Review | The Spy Who Dumped Me film review: Mila Kunis, Kate McKinnon are best buddies in schizophrenic action comedy
The attempt to mix laughs and extreme violence seems to have failed, and the attempts at vulgarity fall flat, but the comedy scenes work in isolation and there’s some chemistry between McKinnon and Kunis
3/5 stars
The schizophrenic nature of The Spy Who Dumped Me makes it difficult to enjoy fully. The action scenes are full of nasty, bone-crunching violence, while the comedy scenes consist of cheerful and energetic buddy-buddy humour. The two strands fail to gel, and when they coincide – such as in a torture scene – it’s a mismatch.
Kate McKinnon and director Susanna Fogel on making The Spy Who Dumped Me
Mila Kunis plays Audrey, a party-loving girl who unknowingly dates a spy (Justin Theroux). When he gets shot by a hitman, he gives Audrey a flash drive to take to his contact in Budapest.

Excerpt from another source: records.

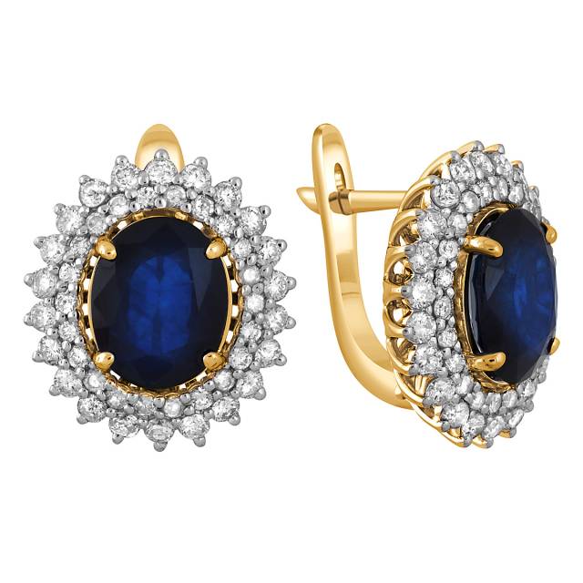Серьги из жёлтого золота с бриллиантами и сапфирами (045667)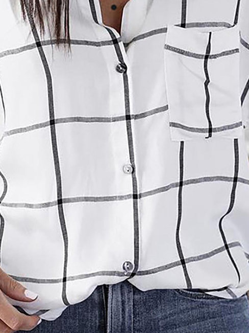 - White Stand Collar Standard Loose Elegant Pattern Blouse (Style V300975)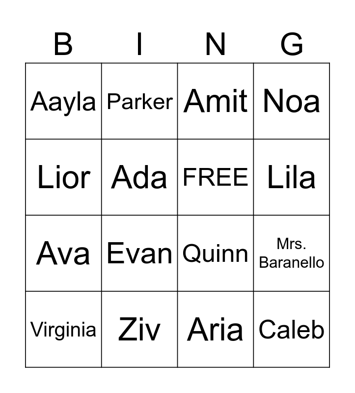 This bingo card has 16 words: Ziv, Mrs. Baranello, Amit, Aayla, Ava, Parker, Quinn, Aria, Lior, Ada, Virginia, Noa, Evan, Lila, FREE and Caleb.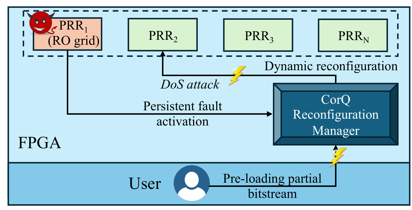 Атака использует цепи, которые вызывают колебания напряжения во время загрузки частичных битстримов, что может привести к сбоям в вычислениях или отказу в обслуживании (DoS) для других пользователей, совместно использующих ПЛИС. В отличие от предыдущих атак с внедрением ошибок, которые требуют непрерывного воздействия, этот метод должен быть активен только краткое время во время передачи битстрима, что затрудняет его обнаружение. Авторы демонстрируют эффективность своей атаки путём экспериментов над различными прикладными битовыми потоками, включая ускорители нейронных сетей и обработки сигналов, показывая, как эти устойчивые ошибки могут нарушить целостность вычислений.

Looking for adventure, Audrey enlists the help of best buddy Morgan (Saturday Night Live comedienne Kate McKinnon) to complete the mission in Hungary. But a run-in with debonair British agent Sebastian (Sam Heughan) throws their plan into chaos.
Although the title is a pun on 1977’s The Spy Who Loved Me, it’s not the 007 parody the name suggests. The opening action scene plays like a Daniel Craig Bond sequence, but after that, it devolves into on odd mix of Atomic Blonde meets Central Intelligence and Rough Night . The producers were aiming for an R-rated comedy, but some of the vulgarity – which includes stuffing the flash drive into female orifices – seems forced and unnecessary.

Yet many of the comedy scenes do work well in isolation. Impersonator extraordinaire McKinnon is the best thing here, and her exuberance often manages to overcome the film’s stylistic problems to provide an entertaining watch. Her comic timing is superb, and there is genuine chemistry between her and Kunis.